Effect of administration of moxifloxacin plus rifampin against Mycobacterium tuberculosis for 7 of 7 days versus 5 of 7 days in an in vitro pharmacodynamic system

Abstract

Some trials administered antituberculosis agents for 5 of 7 days (5/7-day regimen) to optimize adherence. Since moxifloxacin has a longer half-life than rifampin, rifampin concentrations are <1% of the maximum concentration in serum (C(max)) on day 6 and nondetectable on day 7, while concentrations of moxifloxacin remain and are able to induce error-prone replication.

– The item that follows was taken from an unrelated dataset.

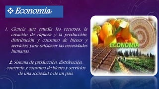 La economía estudia los recursos, la creación de riqueza y la producción, distribución y consumo de bienes y servicios para satisfacer las necesidades humanas. Es una ciencia social que examina cómo los sistemas económicos complejos evolucionan bajo diferentes condiciones iniciales de manera impredecible. La economía es relevante en la vida diaria porque todas las actividades desde despertarse hasta dormir involucran el consumo de bienes y servicios que requieren recursos, producción y distribución.

We determined if functional moxifloxacin monotherapy for 24 h/week caused resistance. In in vitro pharmacodynamic experiments, Mycobacterium tuberculosis was treated with mean area under the concentration-time curve (AUC) exposures for moxifloxacin and rifampin of 400 and 600 mg/kg/day and exposures equal to 1 standard deviation (SD) above and below the mean values. The drugs were administered on schedules of 7/7 days and 5/7 days. Over the 28-day experiments, bacteria were plated onto antibiotic-free agar to determine the effects of exposure and schedule on the total population. MICs were checked for emergence of resistance. At days 7 and 14, there was a 0.56- to 1.22-log(10)-CFU/ml greater cell kill with the 7/7-day regimen versus the 5/7-day regimen (low exposure). This difference was not seen for the larger exposures at day 21. At day 23, the low-exposure 5/7-day arm had breakthrough resistance, with the total count increasing to >2 log(10) CFU/ml above the low-exposure 7/7-day arm. Pharmacokinetic mismatching of drugs in the therapy of tuberculosis may result in emergence of resistance when a drug holiday is imposed during which there is functional monotherapy and where the remaining agent induces error-prone replication. This is particularly true for the portion of the population where the clearance is higher (1 SD above the mean).

Importance: Directly observed therapy is a cornerstone of treatment of Mycobacterium tuberculosis. Patients are often given a drug holiday to facilitate the direct observation of therapy. With rifampin and moxifloxacin, there is a discordance between the half-lives of these agents (1.9 versus 6.5 h when employed in combination). In addition, moxifloxacin induces error-prone replication in Mycobacterium tuberculosis. In this experiment, we demonstrate that the drug holiday (5 of 7 days of therapy [5/7-day regimen]) allows the emergence of resistance to moxifloxacin, which was not seen with 7/7-day therapy. If drug holidays are used, it is imperative to better match pharmacokinetics to minimize the risk of emergence of resistance.

FIG 1

Hollow fiber infection model system.

FIG 2

(A) First trial of moxifloxacin-plus-rifampin 7/7-day versus 5/7-day regimens. The AUC exposures in the symbol keys are the free AUC_{24 hs} that were infused into that particular hollow fiber system experimental arm on the days that the drugs were administered. (B) Second trial of moxifloxacin-plus-rifampin 7/7-day versus 5/7-day regimens. The AUC exposures in the figure legends are the free AUC_{24 hs} that were infused into that particular hollow fiber system experimental arm on the days that the drugs were administered. There is re-growth between day 23 and day 28, specifically in the lowest exposure group (arm E) in the experimental arm where the drugs were administered 5/7days. There was a 2.25 Log₁₀ (CFU/ml) difference between arms B and E, attributable to difference in administration schedule and weekly drug exposures. In arm E colonies recovered had a wild-type MIC for rifampin (0.03 mg/L), but increased 4-fold for moxifloxacin (0.25 to 1.0 mg/L).

FIG 3

Moxifloxacin and rifampin concentrations (μg/ml) for the successful arm (A; arm B) versus failure arm (B; arm E). Solid curves are the targeted concentration-time profiles to be simulated in the hollow fiber systems. The red triangles are the measured concentrations of the respective drugs over the first 72 h of each experiment.